Oh, and Ned Ludd was right, by the way. Weavers WERE replaced by the powered loom. It is in the interest of capital to replace you if they are able to, not to complement you, and furthermore, the teeth of capital have gotten sharper over time, and its appetite more voracious.


Capital is also willing to have vastly lower quality and burden the remaining labor with more toil in exchange for even lower costs. Velocity will rise, quality will fall, toil will increase leading to more burnout but there will be more expendable bodies to cycle through the slop cleanup farm.
> Even IF that were true (and I'd argue that it is NOT)

Can you share what these "hard problems" are that > 1% of developers are working on?

Even if most of the code you write is solving repetitive plumbing tasks, today's models are incredibly bad at API design taste.
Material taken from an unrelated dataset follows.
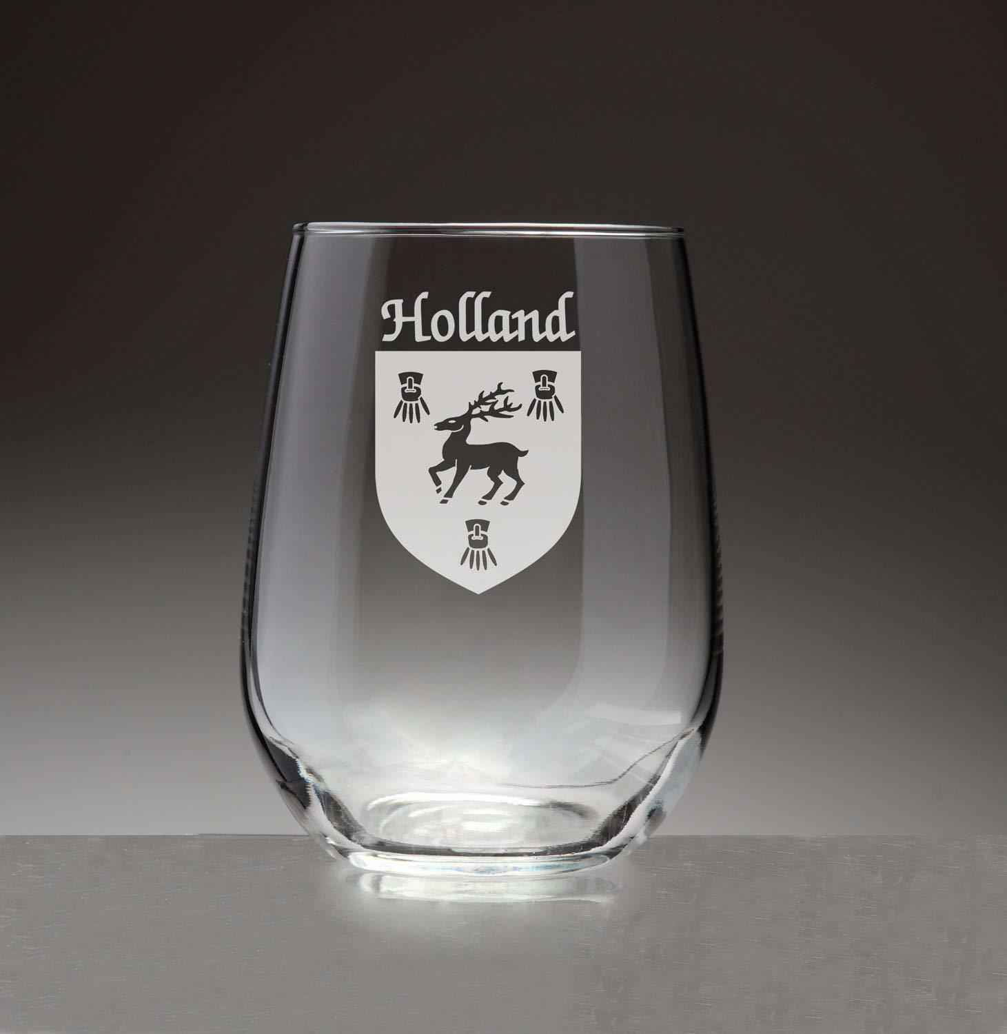Holland Irish Coat of Arms Stemless Wine Glass Set - Set of 4 (Sand Etched). People choose stemless wine glasses for many reasons. Some love the way it provides a handhold to look, swirl, smell and taste fine wine. Others appreciate the way it looks on the table. This new shape in wineglasses is growing in popularity. Add your authentic Irish name and coat of arms, finely etched on each glass, and it becomes a truly unique and modern heirloom. For your most special occasions, or everyday weekday dinners, choose this durable, well-balanced and elegant wine glass, suitable for white or red. Each Irish coat of arms wine glass is permanently and professionaly sand-etched with your surname and family crest. Choose from over 1000 available coat of arms. Dishwasher and microwave safe. Authentic Irish Family Coat of Arm. Over 25 years of Heraldry Research. Set of 4 Irish Coat of Arms Stemless wine Glasses. High quality sand etching. Each glass holds 15 1/2 ounces of your favorite beverage.

IMO designing software in a way that minimizes side effects and is easy to change and test is more than 1% of software engineering.

Lately most of the code I write has been through LLMs and I find them an enormous productivity booster overall, but despite the benchmarks they're not expert human level quite yet, and they need a LOT of coaxing to produce production quality code.

As far as things LLMs are bad at, I think it's mainly the long tail. I'm not sure there's one singular thing that >1% of programmers work on that LLMs suck at, but I think there are thousands of different weird sub-specialties that almost no one is working on and very little public code exists for, thus LLMs are not good at them yet.

Try using any AI tool to write a working realtime GI (global illumination) implementation. I've been working on a novel implementation for 60fps/1080p GI and everytime I use Copilot or Claude to even try fixing a minor bug/troubleshoot it nukes entire functions and rewrites them using garbled shader code, old syntax/methods.

Puts things into stark perspective for me.

PS. no amount of prompt engineering will save you in this endeavour.

> I've been working on a novel implementation for 60fps/1080p GI

I don't think this is the type of work a "normal" developer is working on though, which is what my question was targeting.

I would think 99%+ are going to use an existing implementation like unreal engine, which AI can certainly help with.